Reproduced exactly, the lines from the start of the material through the line containing "普段の娘さんは、表情豊かにさ" should be the whole answer, with pictures excluded.

(Data for review)

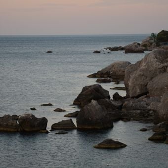 Batiliman stretches along the Black Sea coast, featuring distinct rock formations and small natural stone pyramids shaped by coastal erosion over time.
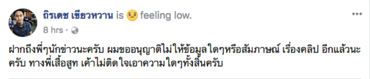 ส่วนกรณีที่เจ้าของคลิปโพสต์ผ่านเฟซบุ๊กว่า “ทางพี่เสื้อสูท เขาไม่ติดใจเอาความใดๆ ทั้งสิ้นครับ” ผกก.สน.พระโขนง กล่าวว่ายังไม่ได้รับทราบเรื่อง
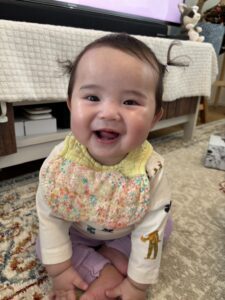 普段の娘さんは、表情豊かにさまざまな顔を見せてくれるとのこと。普段は下がり眉の娘さんですが、ときどき強い意志を感じさせるようなキリっとした上がり眉になることもあり「おもしろいです」とママさん。
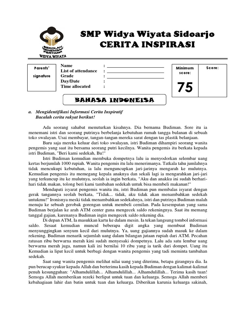 19Materi Teks Cerita Inspiratif bahasa Indonesia ini sangat penting dibekali kepada siswa agar mampu memberi inspirasi kebaikan kepada setiap orang melalui teks cerita inspiratif. 2 Namun nyatanya dugaannya salah besar ternyata anak-anak sekolah tersebut sedang membagi-bagikan baju bekas dan makanan kepada seorang bapak tunawisma yang biasanya sering berkeliaran di kawasan sekolah. SOAL ASPEK YANG DINILAI SKOR 1 awal 0 25 tengah 0 25 akhir 0 25 Koda 0 25 0 100.
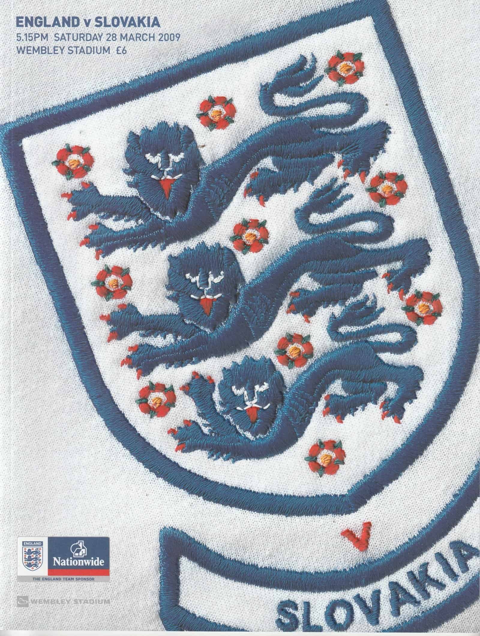 Match: England v Slovakia Competition: International Friendly Date: 28-Mar-2009 Comments: Rating: 5 Condition: Excellent Weight in grams: 280

(End Data for review)

Solution to the problem
 Batiliman stretches along the Black Sea coast, featuring distinct rock formations and small natural stone pyramids shaped by coastal erosion over time.
 ส่วนกรณีที่เจ้าของคลิปโพสต์ผ่านเฟซบุ๊กว่า “ทางพี่เสื้อสูท เขาไม่ติดใจเอาความใดๆ ทั้งสิ้นครับ” ผกก.สน.พระโขนง กล่าวว่ายังไม่ได้รับทราบเรื่อง
 普段の娘さんは、表情豊かにさまざまな顔を見せてくれるとのこと。普段は下がり眉の娘さんですが、ときどき強い意志を感じさせるようなキリっとした上がり眉になることもあり「おもしろいです」とママさん。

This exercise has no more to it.